== Aim of the task ==
Begin at the line below that has "El suave tejido". Stop after the line that has "東京中央郵便局気付 「北海道新幹線・押印機(3種類)」郵頼担当係 |", repeating each line exactly and leaving out the pictures.

== Exercise inputs ==

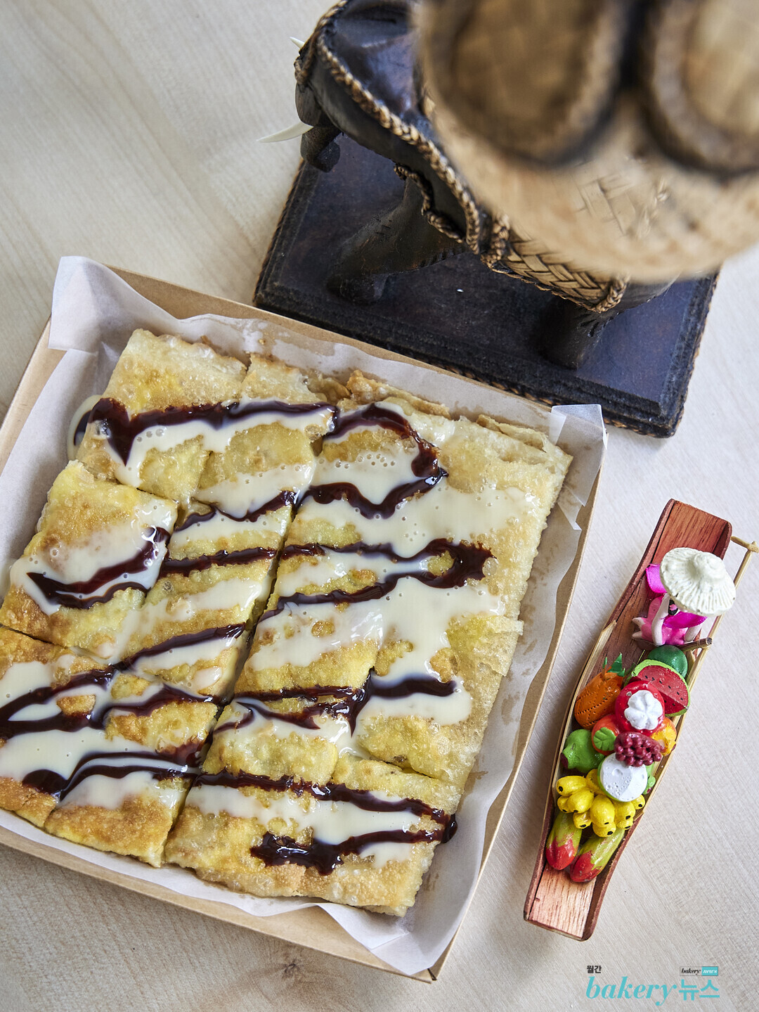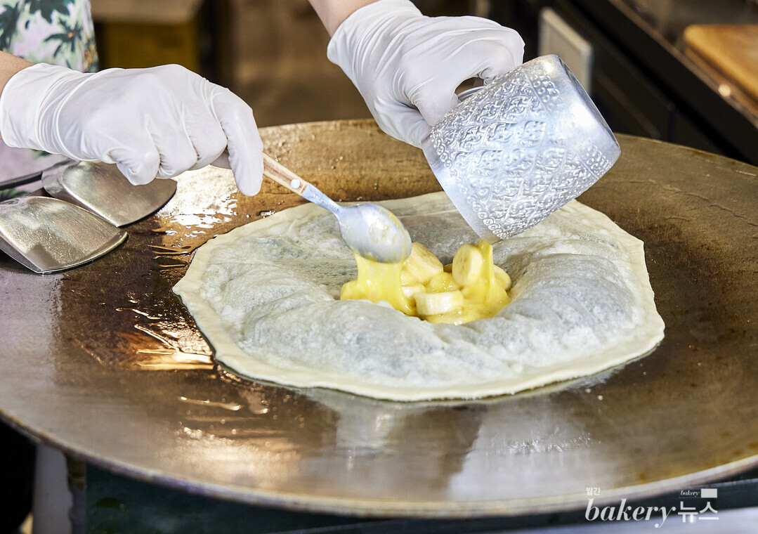 로띠 위에 연유와 초콜릿 시럽만 뿌려 마무리한 메뉴로 태국인들의 요청으로 만들어졌다.
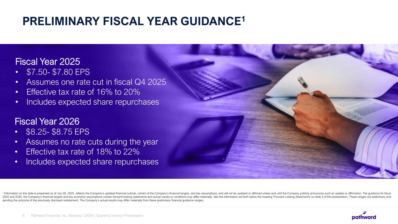 PRELIMINARY FISCAL YEAR GUIDANCE1 Pathward Financial, Inc. (Nasdaq: CASH) | Quarterly Investor Presentation8 Fiscal Year 2025 • $7.50- $7.80 EPS • Assumes one rate cut in fiscal Q4 2025 • Effective tax rate of 16% to 20% • Includes expected share repurchases 1 Information on this slide is presented as of July 28, 2025, reflects the Company’s updated financial outlook, certain of the Company’s financial targets, and key assumptions, and will not be updated or affirmed unless and until the Company publicly announces such an update or affirmation. The guidance for fiscal 2025 and 2026, the Company’s financial targets and key economic assumptions contain forward-looking statements and actual results or conditions may differ materially. See the information set forth below the heading "Forward Looking Statements" on slide 2 of this presentation. These ranges are preliminary and pending the outcome of the previously disclosed restatement. The Company’s actual results may differ materially from these preliminary financial guidance ranges. Fiscal Year 2026 • $8.25- $8.75 EPS • Assumes no rate cuts during the year • Effective tax rate of 18% to 22% • Includes expected share repurchases
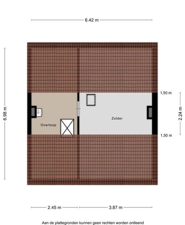 Via de vlizotrap bereikt u de zolderverdieping, bestaande uit twee ruimtes van ca. 8 m² en 16 m². Hier bevindt zich tevens de cv-ketel (Remeha, eigendom, 2015). Met aanpassingen zoals een vaste trap en het plaatsen van een dakkapel kan deze verdieping worden omgevormd tot een extra slaapkamer of multifunctionele ruimte.
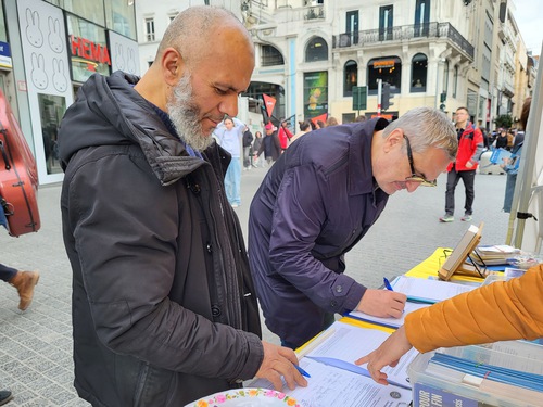 (Minghui.org) Practitioners held an event on a busy street in the center of Brussels, Belgium on March 22, 2025, to tell people about how the Chinese Communist Party (CCP) persecutes Falun Dafa. Practitioners displayed informational boards which introduced Falun Dafa’s core values of Truthfulness, Compassion, and Forbearance. They also demonstrated the exercises, distributed flyers, and described the brutal persecution practitioners suffer in China. Many people signed the petition to support ending the 25-year long persecution.
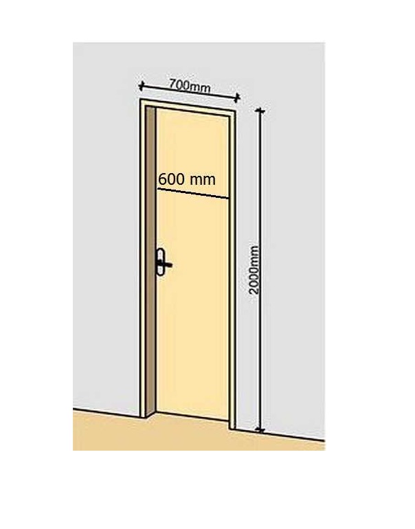 Чтобы правильно вымерять проем, необходимо заранее знать, какая конструкция будет в него устанавливаться. Таким образом, если в наличии накладная одностворчатая дверь с стандартными размерами в 600×2000 мм, то проем должен быть с такими величинами – 680×2020 мм. Необходимо оставить технологичные зазоры в 80 мм по ширине и 20 мм по высоте.
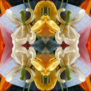 Almost withered, the tulips still have sculptural interest to me. By using the symmetry of four pictures I created interesting patterns including this one. By rotating the images you are able to make different patterns including thus one. I hope you like it. I used my incollage app to work on it and create a kaleidiscopic effect. .
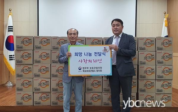 À̹ø Çà»ç´Â ¹ý¹«ºÎ º¸È£°üÂûÀ§¿ø ¸ñÆ÷º¸È£°üÂû¼Ò ÇùÀÇȸ ÈÄ¿øÀ¸·Î ¸¶·ÃµÈ ¿øÈ£ ¹°Ç°(¶ó¸é 45¹Ú½º, ÃÑ 110¸¸¿ø »ó´ç)À», »ý°è¿¡ ¾î·Á¿òÀ» °Þ°í ÀÖ´Â º¸È£°üÂû ´ë»óÀÚ 25¸í¿¡°Ô Áö¿øÇϱâ À§ÇØ ¸¶·ÃµÇ¾ú´Ù.
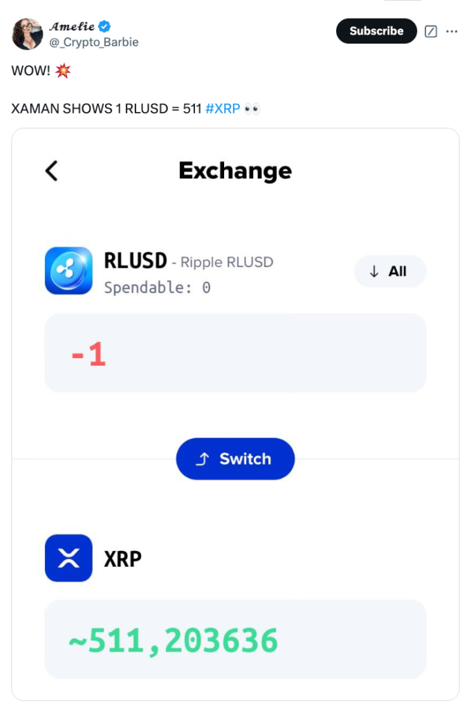 توییتی در X منتشر شده بود که نشان میداد ۱ واحد RLUSD در Xaman، کیف پول ریپل، تقریبا برابر با ارزش ۵۱۱ واحد XRP (حدوداً معادل ۱,۲۴۴ دلار) ارزشگذاری شده است.
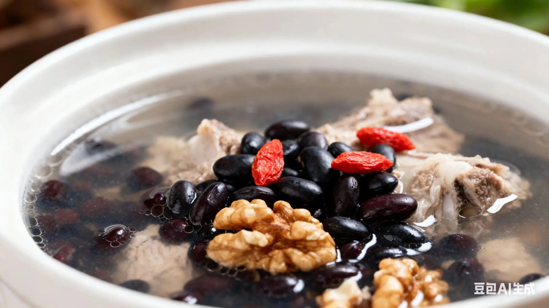 取黑豆50克、核桃仁30克、猪骨500克、枸杞15克,文火慢炖2小时,每周2-3次,适合全家食用。
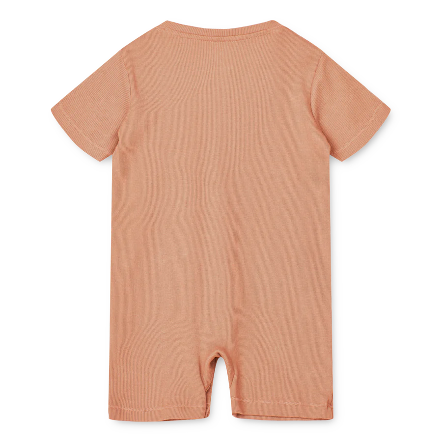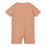 El suave tejido de algodón orgánico con un poco de elastano lo hace suave y elástico y los botones a presión de arriba a los pies agregan flexibilidad al ponérselo y quitárselo.
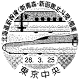 【函館中央郵便局、青森中央郵便局および東京中央郵便局の3種類の郵便局名によるもの】 〒100-8994 東京都千代田区丸の内2-7-2 東京中央郵便局気付 「北海道新幹線・押印機(3種類)」郵頼担当係 |
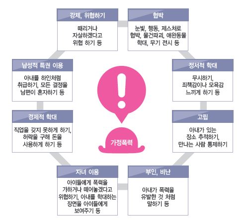 | 가정 폭력의 유형 | 폭력의 예시 | 1 | 강제, 위협하기 | 때리거나 자살하겠다고 위협하기 등 | 2 | 협박 | 눈빛, 행동, 제스처로 협박, 물건파괴, 애완동물학대, 무기 전시 등 | 3 | 정서적 학대 | 무시하기, 죄책감이나 모욕감 느끼게 하기 등 | 4 | 고립 | 배우자가 있는 장소 추적하기, 만나는 사람 통제하기 | 5 | 부인, 비난 | 배우자가 폭력을 유발한 것처럼 말하기 등 | 6 | 자녀 이용 | 아이들에게 폭력을 가하거나 떼어놓겠다고 위협하기, 배우자를 학대하는 장면을 아이들에게 보여주기 | 7 | 경제적 학대 | 직업을 갖지 못하게 하기, 허락을 구해 돈을 사용하게 하기 등 | 8 | 남성적 특권 이용 | 아내를 하인처럼 취급하기, 모든 결정을 남편이 혼자하기 등 |
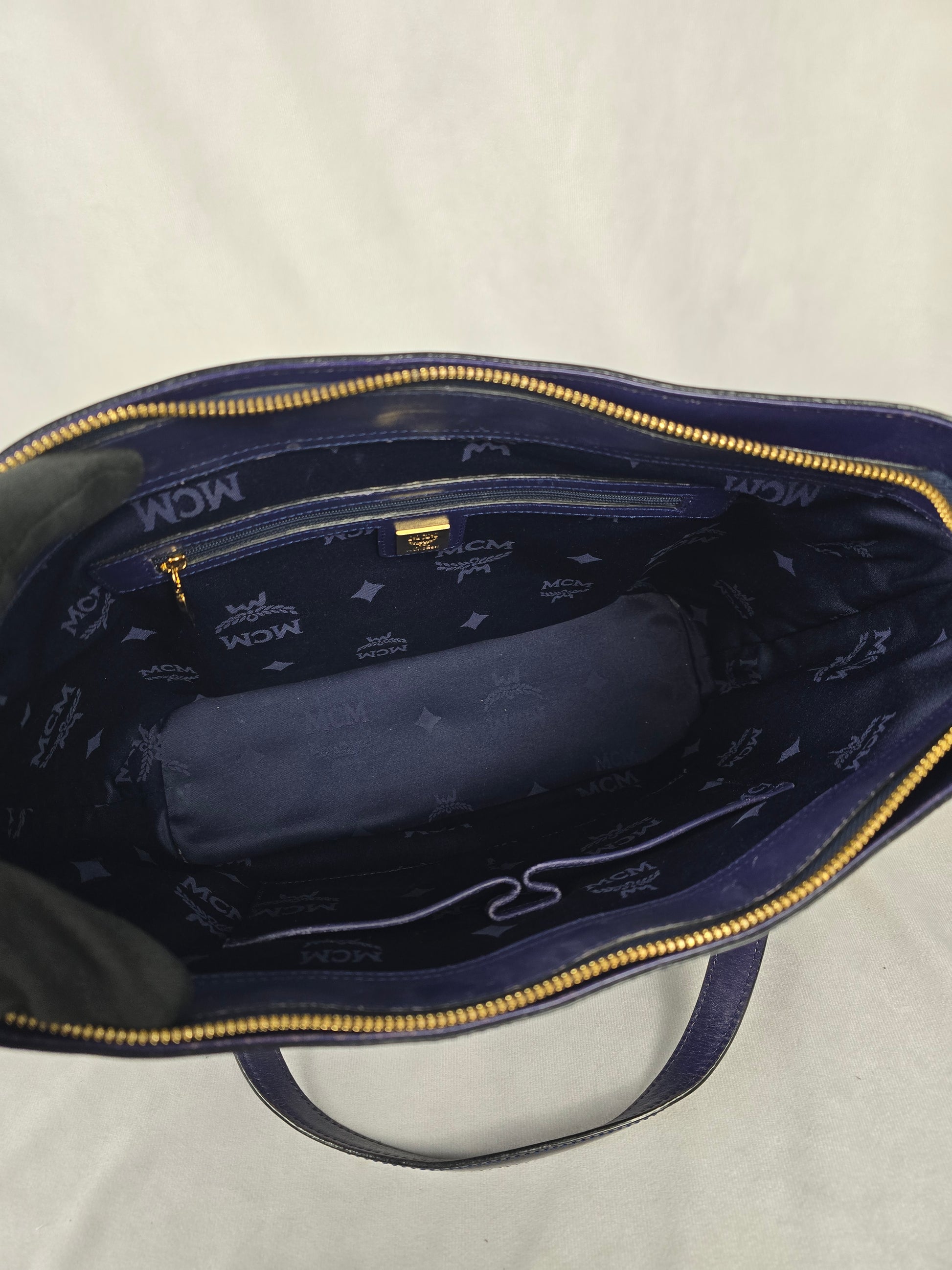 MCM Visetos tote bag featuring a cognac Visteos monogram print on the bottom and textured leather on the top. The bag has dual shoulder straps, gold-tone hardware and a zip closure. Great for travel or daily use, this large bag also has a MCM lock and key. Very good condition.
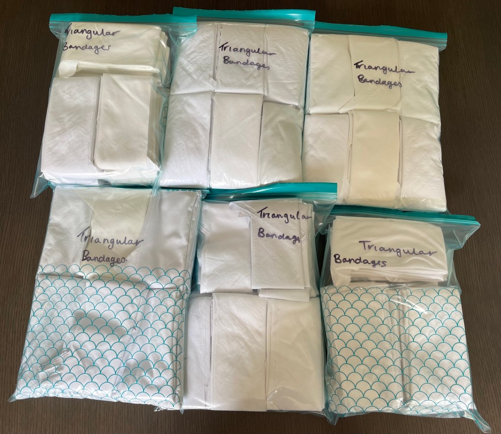 Approximately 80 triangular bandages were made today. These go into trauma packs (two in each trauma pack) and over 1500 packs have now been sent to Ukraine. Avery from New Forest for Ukraine is very grateful for our help in achieving this.
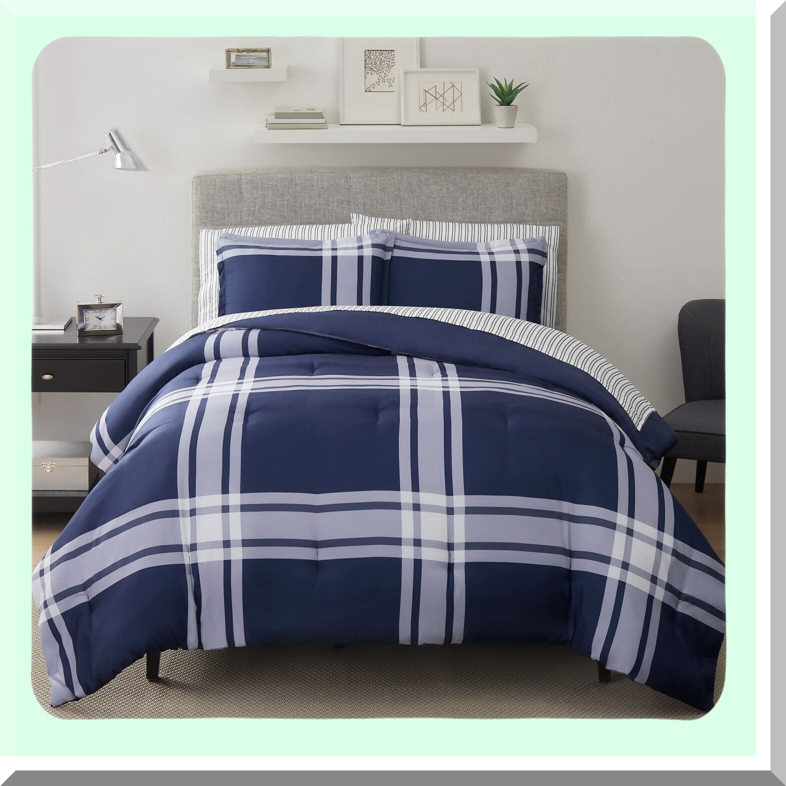 Experience the ultimate comfort with our 5-piece bedding set in Twin/Twin XL size. The hypoallergenic technology ensures a fresh and clean bed every night. The modern jax plaid design adds a stylish touch to any room. Complete your look with matching sheets, duvets, and bed-in-a-bag sets. Stain release treatment makes for easy care, just toss it in the washing machine with like colors. Upgrade your bedding experience with our Simply Clean Comforter Set.
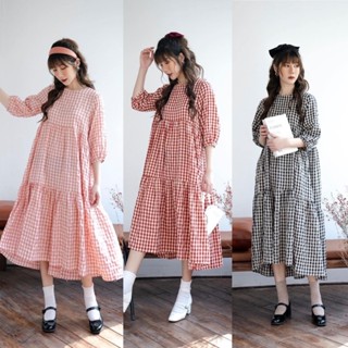 Đầm midi (có bigsize) phối trắng nơ cổ 🥰🥰🥰
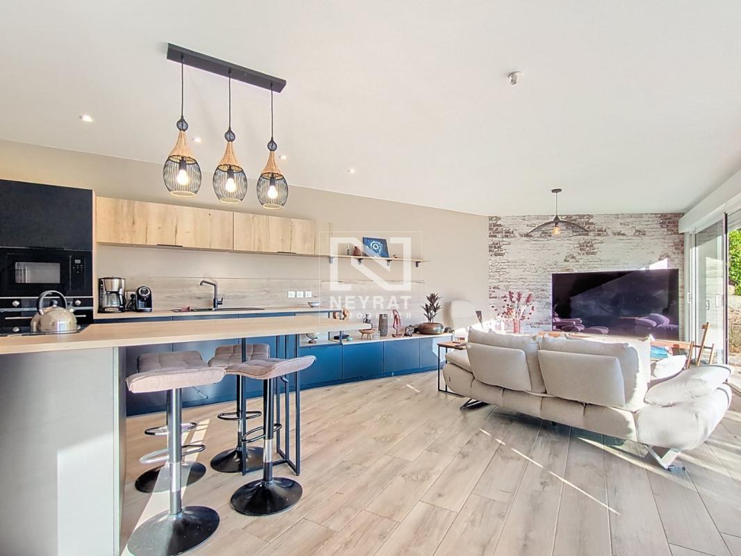 Cette maison moderne offre de beaux volumes, un salon-séjour lumineux avec poêle à bois et cuisine équipée, une suite parentale avec salle d'eau et dressing.
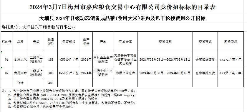 大埔縣2024年縣級動(dòng)態(tài)儲(chǔ)備成品糧(食用大米)采購及包干輪換費(fèi)用公開招標(biāo)公告
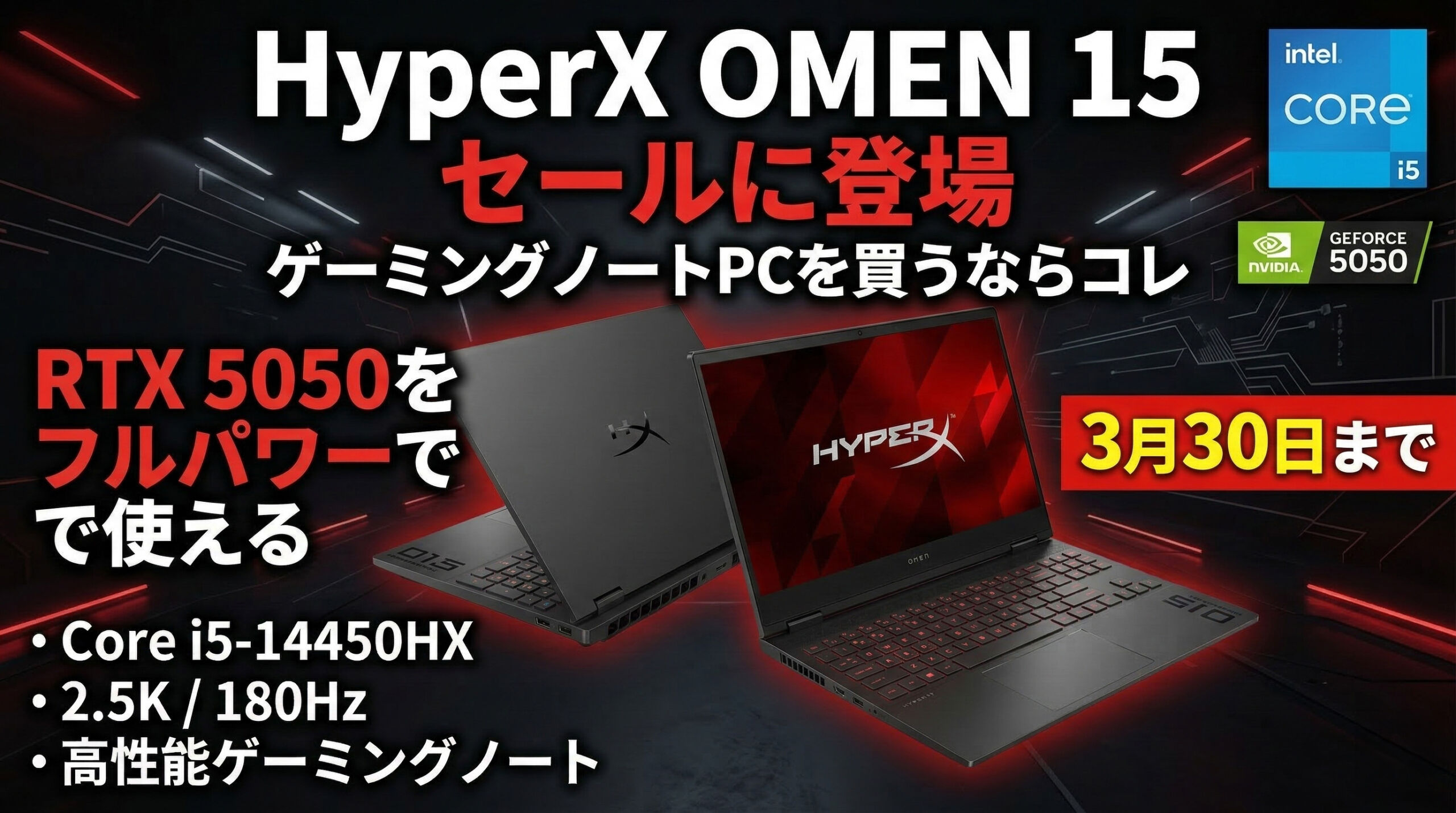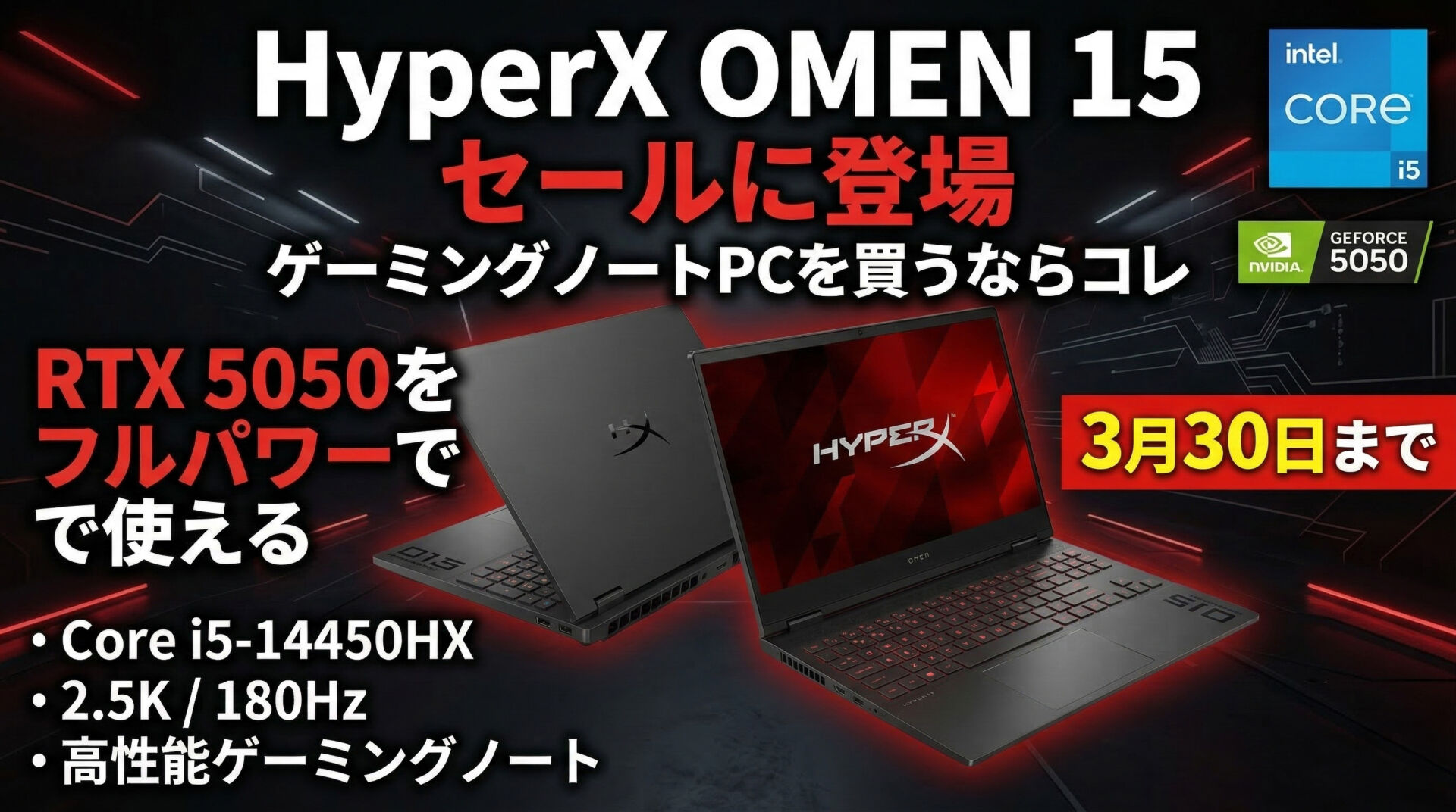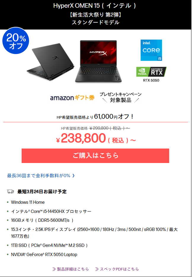 今回のセールで注目したいのが、新製品のHyperX OMEN 15が早くも23.8万円で購入できる点です。

== Task answer ==
 El suave tejido de algodón orgánico con un poco de elastano lo hace suave y elástico y los botones a presión de arriba a los pies agregan flexibilidad al ponérselo y quitárselo.
 【函館中央郵便局、青森中央郵便局および東京中央郵便局の3種類の郵便局名によるもの】 〒100-8994 東京都千代田区丸の内2-7-2 東京中央郵便局気付 「北海道新幹線・押印機(3種類)」郵頼担当係 |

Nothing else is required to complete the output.